FIHA: Autonomous Fine-grained Hallucination Evaluation in Vision-Language Models with Davidson Scene Graphs¶
Conference: ACL 2025
arXiv: 2409.13612
Code: https://github.com/confidentzzzs/FIHA
Area: Hallucination Detection
Keywords: Hallucination Evaluation, Large Vision-Language Models, Davidson Scene Graph, LLM-free Evaluation, Fine-grained Evaluation
TL;DR¶
This paper proposes FIHA, an automated, fine-grained hallucination evaluation framework that requires neither LLMs nor human annotations.
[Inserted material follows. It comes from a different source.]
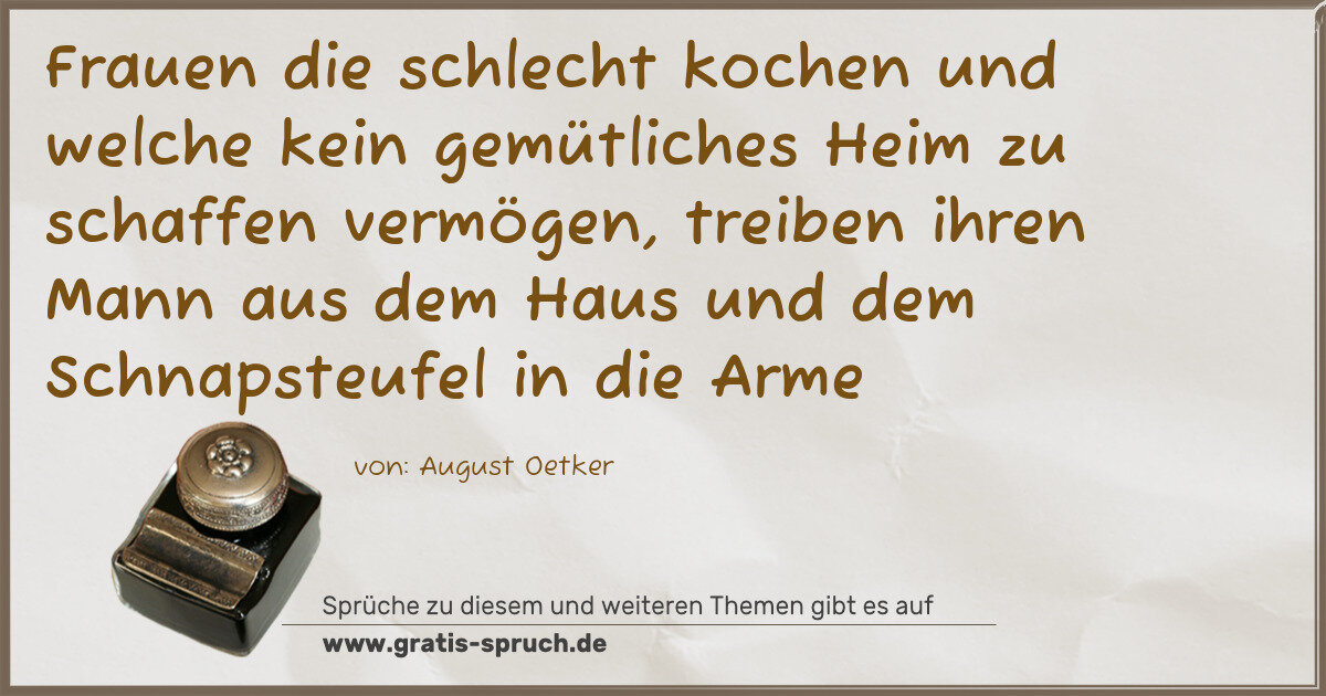 »Frauen die schlecht kochen und welche kein gemütliches Heim zu schaffen vermögen, treiben ihren Mann aus dem Haus und dem Schnapsteufel in die Arme

By extracting entities, attributes, and relations from images and descriptions to generate Q&A pairs, and introducing Davidson Scene Graphs (DSG) to model inter-question dependencies, the authors construct the FIHA-v1 benchmark to comprehensively evaluate the hallucination levels of mainstream Large Vision-Language Models.
Background & Motivation¶
Large Vision-Language Models (LVLMs) such as LLaVA and MiniGPT-4 have demonstrated powerful capabilities in visual understanding. However, they commonly suffer from hallucination issues, where models may describe non-existent objects, incorrect attributes, or inaccurate relations in images. Accurately evaluating the degree of model hallucination is crucial for improving model trustworthiness.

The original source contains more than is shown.